### Problem
Please print, exactly, only the lines in the entries below from the line that has "Na ta dan smo" through the line that has "After surgery, the". Pictures don't go in.

-- Dataset content follows --

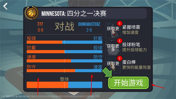 1、在賽事準(zhǔn)備界面,查看雙方屬性,選擇增益道具后點(diǎn)擊開始游戲,進(jìn)入對(duì)戰(zhàn)關(guān)卡。
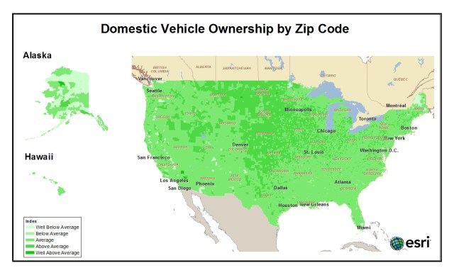 Each of these zip codes have an index of 151 for domestic car ownership or lease meaning a household is 1.51 times more likely to own or lease a domestic-made vehicle than the average American.
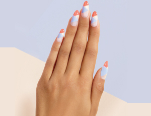 Colori freschi come l’azzurro cielo e color perla iridescente accendono l’immaginazione. Una manicure dai toni soft e rassicuranti, perfetta per dare sfogo alla fantasia primaverile ed estiva realizzata con la…
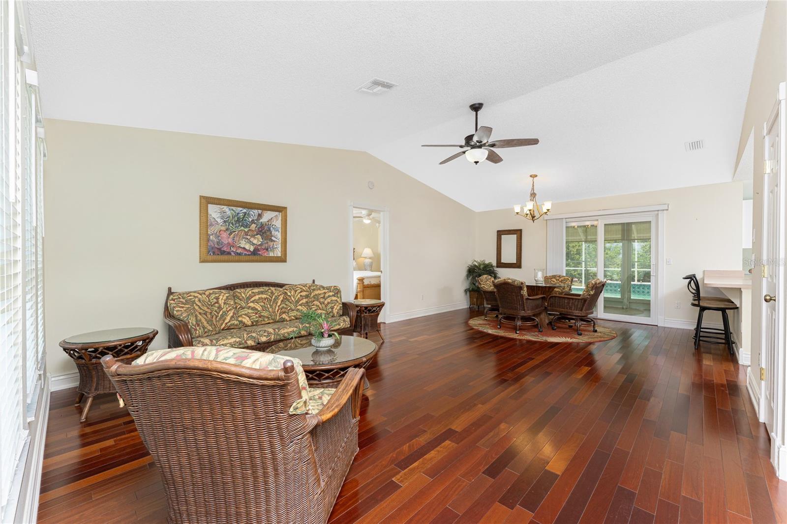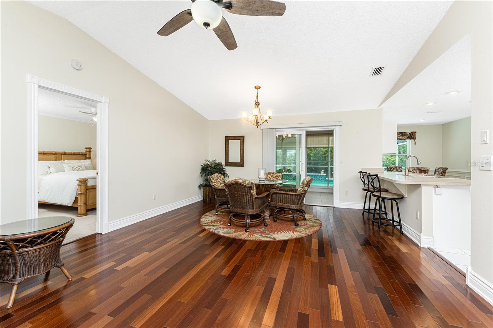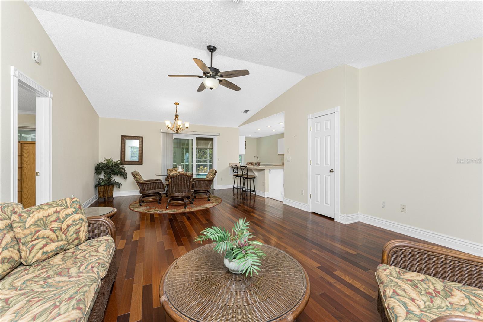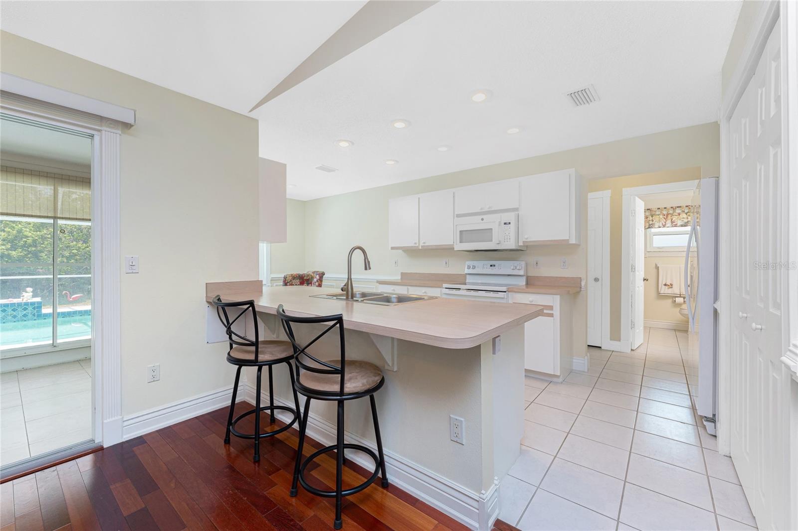 Move-In Ready Pool Home on a Corner Lot in Englewood – X Flood Zone, Impact Windows & No HOA! This two-bedroom, two-bath home is full of charm and ready to become your next Florida home. From the moment you arrive, you’ll notice the mature landscaping and thoughtful exterior features like the screened garage door, which allows you to open the home and let the salty breezes flow through, a screened entryway, and an oversized driveway offering plenty of parking. Step through the tropical teal front door into the open living space, where your eye is immediately drawn to the pool area through impact-resistant sliding glass doors. Inside, the neutral paint palette, vaulted ceilings, contrasting cherry wood flooring, and open layout connecting the kitchen and dining areas create a light, bright, and airy atmosphere. The kitchen overlooks the formal dining area and living room and features tile flooring, a large breakfast bar, abundant white cabinetry and counter space, a double-door closet pantry, and a breakfast nook with additional impact sliding doors leading out to the pool, ideal for entertaining. The ensuite master bedroom offers plenty of space and features crown molding and dual walk-in closets for ample storage. The master bath includes tile flooring, a large step-in shower with multiple showerheads, and an oversized vanity. The guest bedroom includes a double-door reach-in closet, and the guest bathroom has tile floors, a large vanity, and a tiled tub/shower combo. The laundry area is located just inside the garage and includes storage shelving and a utility tub. Outside, the fully screened and covered lanai with tile flooring expands your living space and provides the perfect spot to enjoy a BBQ with friends or simply relax by the screened pool with a water feature on a sunny Florida day. Additional home highlights include unique wood trim around the windows, larger baseboards, a convenient coat closet in the entryway, and the home was replumbed with Pex overhead in 2022. Englewood Beach is less than 6 miles away, where you can unwind at waterfront restaurants or enjoy live music at several tiki bars. For nature lovers, Oyster Creek Environmental Park is under 3 miles away and offers over 250 acres of preserved land with old-growth pines, scrub habitat, and mangrove-lined trails. Just 1.5 miles from home, the Ann and Chuck Dever Regional Park and Recreation Center features a multi-purpose gymnasium, fitness center, community garden, playground, skate park, splash pad, swimming pool, disc golf course, dog park, tennis courts, and lighted football fields, along with year-round programs and events. This home at 7247 Brookhaven Terrace offers the perfect blend of location, features, and lifestyle - contact us today to schedule your private showing.
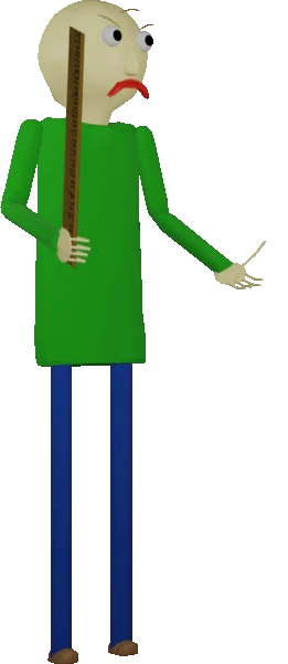 Baldi is a tall, skinny Caucasian male with a spherical head, red lips, and a single strand of hair coming out of his scalp. He wears a green shirt, blue jeans, pale brown shoes, and holds a ruler in his right hand. He is also portrayed as a three-dimensional figure as opposed to hand-drawn sprites to illustrate his origins from a 3D game.
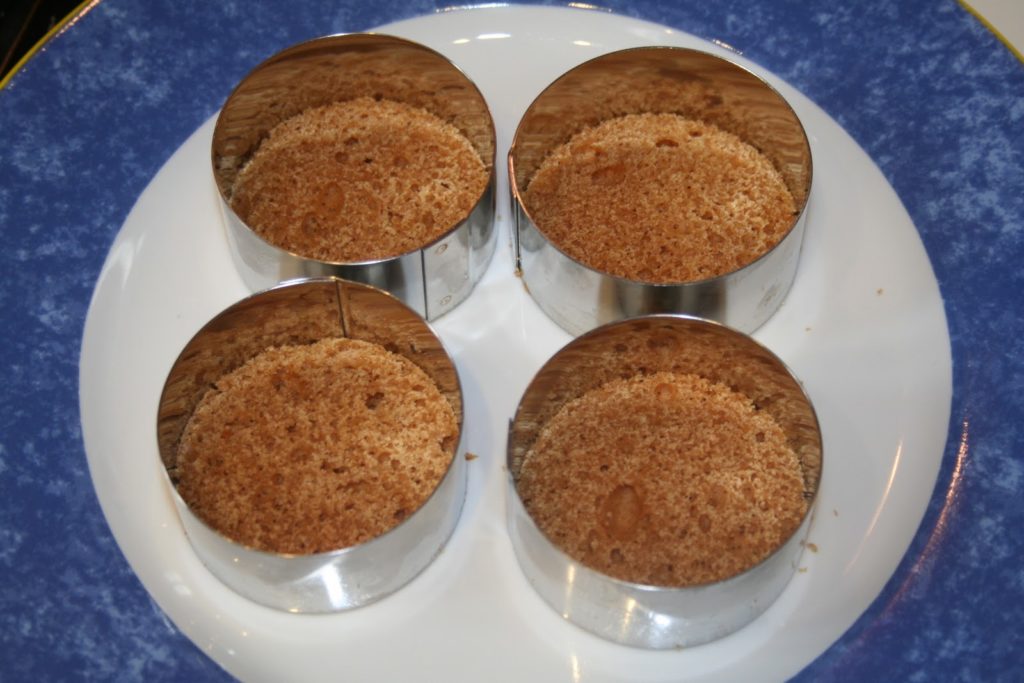 Couper des tranches pas trop épaisses de pain d’épices. Avec un cercle de 6cm, tailler directement dans la tranche comme un emporte pièce.
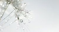 Kleine kristallen lichten op in de zon, de regen is gevallen. Pluisjes van de paardenbloem vullen zich met kleine ronde waterbolletjes. De ochtend lucht is nog helder en licht wanneer ik mijn camera pak en naar buiten ga. Macro foto's maken, kleine dingen groot maken en zichtbaar. De natuur in de tuin kan zo mooi zijn, daar hoef je echt niet ver voor weg, vooral als je alle kleine details kan ontdekken. Die morgen heb ik wel een stuk of dertig foto's gemaakt alleen van de pluisjes. Thuis op de computer ga ik alles bijlangs en kies deze uit, de mooiste door zijn helderheid en frisheid, de plaats van de druppels en de moderne grijze achtergrond. Hierdoor is dit werk te gebruiken in alle soorten kamers, van donker naar licht. Op canvas , maar ook erg mooi op acrylglas.
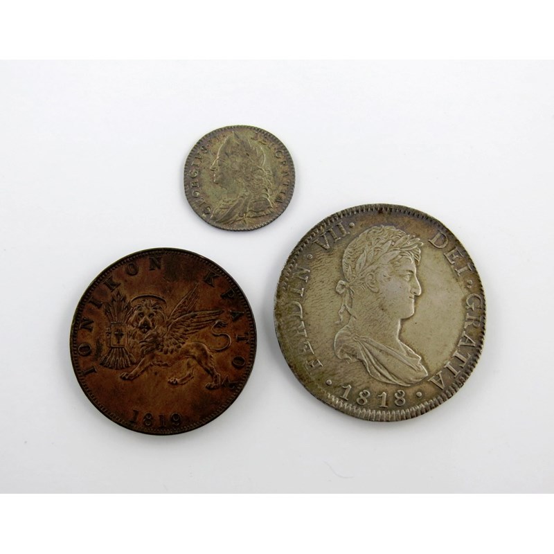 Mexico, Ferdinand VII, 8-Reales, 1818 J.J., very fine; minor British coins, including Sixpence, 1758; Ionian Islands, George III, copper 2-Oboli and Obol, 1819 (KM.32, 33; Pr.18, 19); sundry other coins in silver and copper, contained in Sandhill folder, fine and better. (qty)
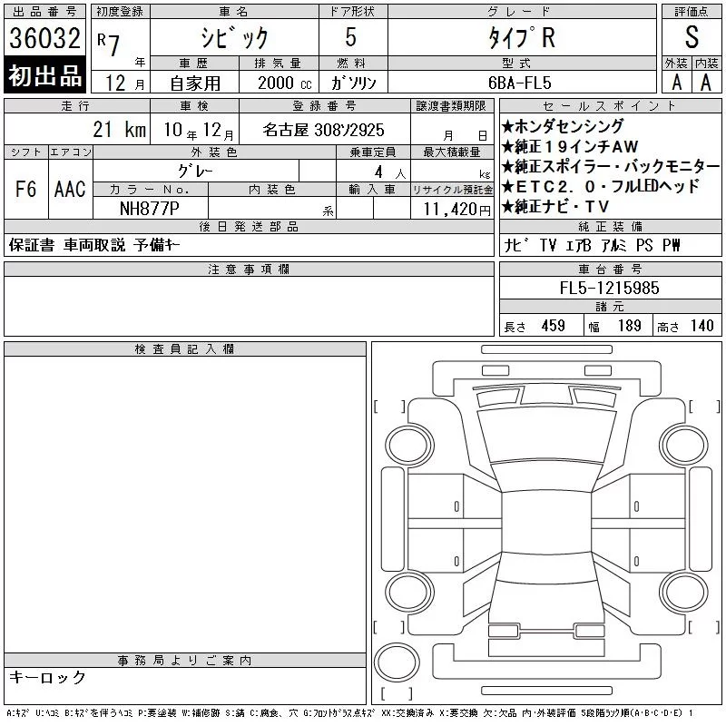 Honda CIVIC с аукциона Японии CAA Chubu лот № 36032
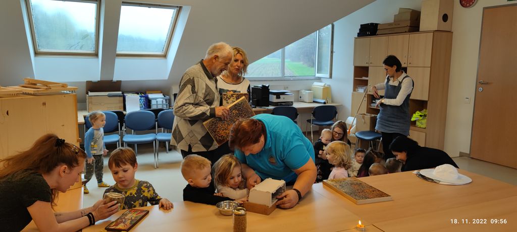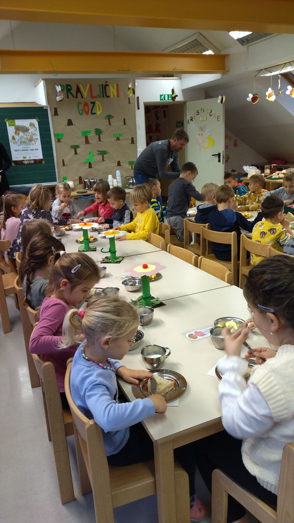 Na ta dan smo otrokom postregli za zajtrk tradicionalna živila kot so med, maslo, mleko, kruh in jabolka. Zajtrk smo pripravili malo drugače. Skupine so se združile, si pripravile pogrinjke na teme čebelic, mleka in jabolk. Tudi letos so se na naše povabilo odzvali čebelarji Čebelarskega društva Lukovica in nas obiskali. Skupaj z nami so pozajtrkovali in nam nato predstavili delo čebelarja. Otroci so si ogledali pripomočke, poskusili čebelje izdelke in spoznali tudi čebelice.
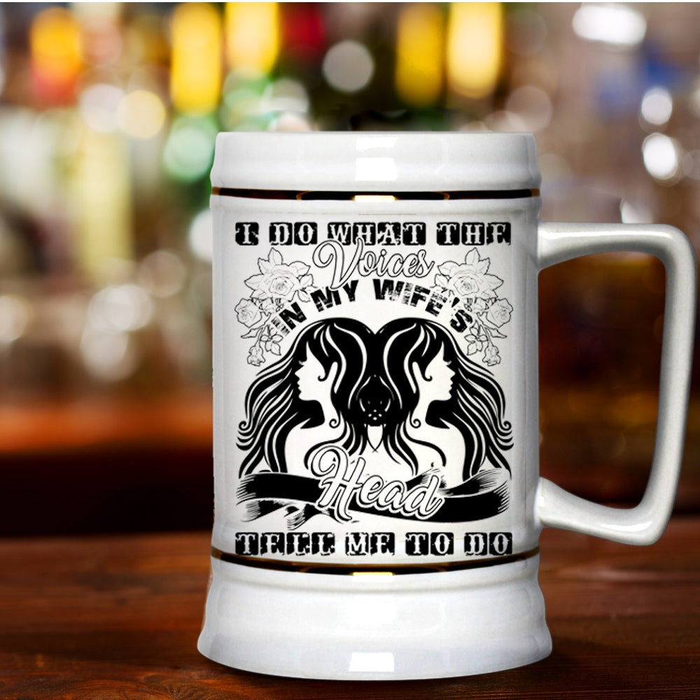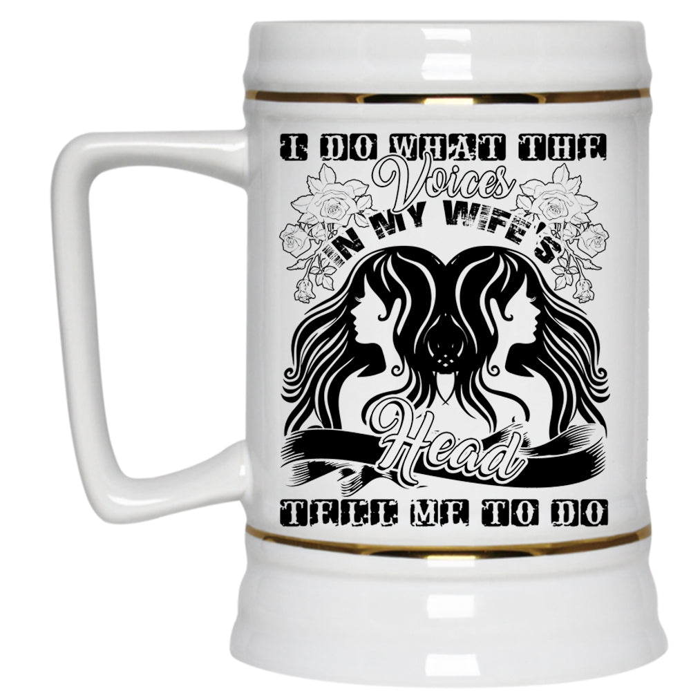 Cute Wife Beer Stein 22oz, I Do What The Voices In My Wife's Head Beer Mug
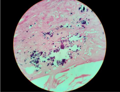 After surgery, the patient was NPO for 24 hours. Vital signs were normal. Blood pressure: 120/80, respiration 88 and temperature was 37 °C. Patients with oral cefixime and metronidazole was discharged 3 days after surgery. Surgical pathology was reported fibrohyalinized tissue with lymphangiectasis (Figure 1), calcification (Figure 2), cholesterol cleft formation (Figure 3).
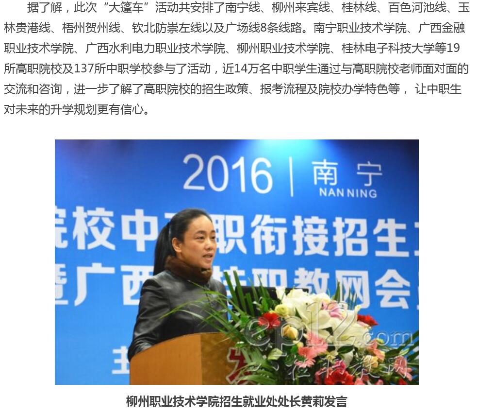 2016年1月4日,广西八桂职教网在职教新闻-院??煅独改恐?,刊发我校老师在2016年广西职业院校中高职衔接招生工作经验交流会上做典型发言的新闻。(截图:石玉丹)
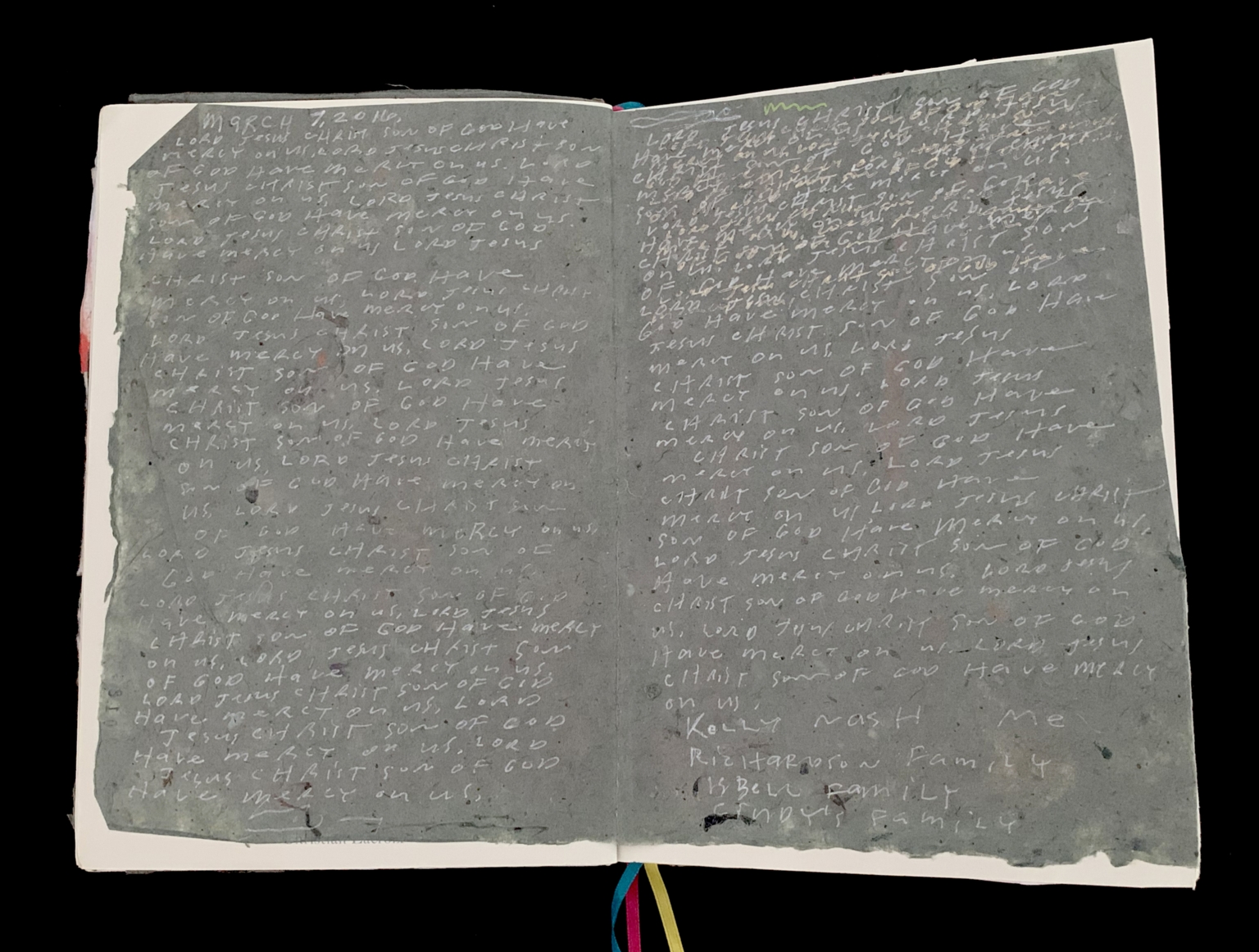 - The image depicts an open journal with pages made of textured, dark gray paper. The journal contains densely packed handwritten text in white, covering both pages. The handwriting is in a casual style with some words overlapping slightly. There are no visible margins, indicating that the writing fills up most of the pages from top to bottom, left to right. The paper has a rough, uneven texture, enhancing a handmade or artistic feel. Some colorful ribbons extend from the bottom binding of the journal.
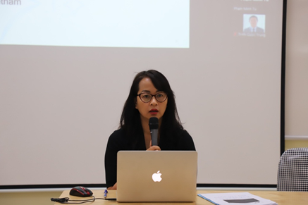 Bà Phan Thị Thanh Bình – Phó Tổng Giám đốc BHTGVN trình bày tham luận
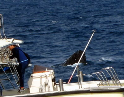 | 時々テールをあげて潜っていく姿も見られましたが こーんなに船の目の前だともうヤバイですね〜っ!!! |
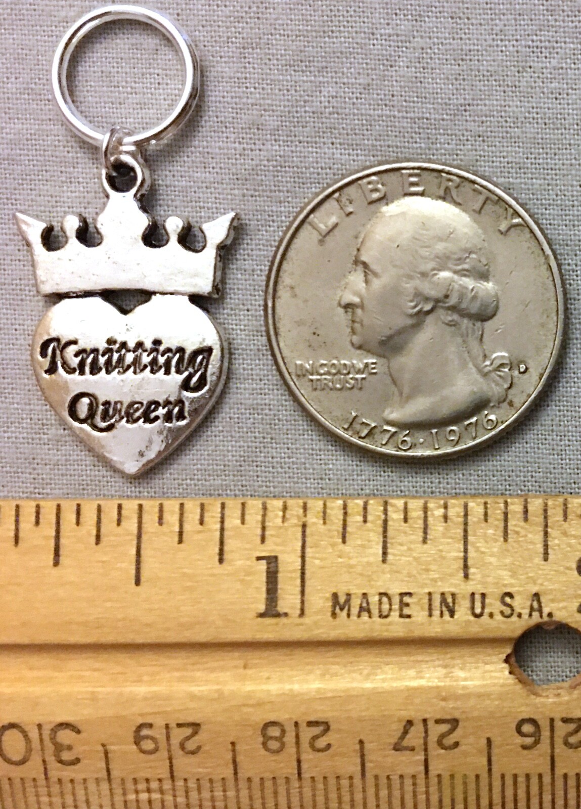 как выглядит KNITTING QUEEN STITCH MARKERS, Set of 2 - Pewter Charm on Silver Plated Ring фото
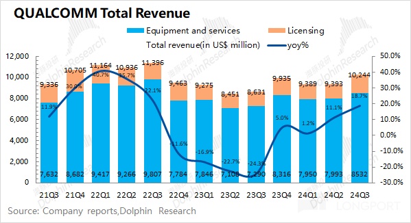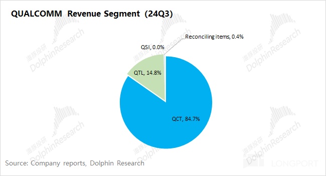 高通的 IoT 业务主要包括消费类电子产品、边缘网络类和工业类产品。而从公司财报看,公司本季度得益于 XR、AI PC 等方面的新品带动和产业链补库存。在近期推出的新 Quest 3S 设备搭载了 Snapdragon® XR2 Gen 2 芯片;戴尔、惠普、联想、三星、宏碁和华硕在内的领先 OEM 都有用公司 Snapdragon® X Plus 8 核平台提供支持的设备。随着 AI PC 等需求的增加,IoT 业务本季度重回增长。
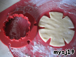 Готовое тесто выложить на подпыленный мукой стол и раскатать толщиной 4-5 мм. Вырезаем любым удобным методом.

-- Dataset content concluded --

### Response box
 Na ta dan smo otrokom postregli za zajtrk tradicionalna živila kot so med, maslo, mleko, kruh in jabolka. Zajtrk smo pripravili malo drugače. Skupine so se združile, si pripravile pogrinjke na teme čebelic, mleka in jabolk. Tudi letos so se na naše povabilo odzvali čebelarji Čebelarskega društva Lukovica in nas obiskali. Skupaj z nami so pozajtrkovali in nam nato predstavili delo čebelarja. Otroci so si ogledali pripomočke, poskusili čebelje izdelke in spoznali tudi čebelice.
 Cute Wife Beer Stein 22oz, I Do What The Voices In My Wife's Head Beer Mug
 After surgery, the patient was NPO for 24 hours. Vital signs were normal. Blood pressure: 120/80, respiration 88 and temperature was 37 °C. Patients with oral cefixime and metronidazole was discharged 3 days after surgery. Surgical pathology was reported fibrohyalinized tissue with lymphangiectasis (Figure 1), calcification (Figure 2), cholesterol cleft formation (Figure 3).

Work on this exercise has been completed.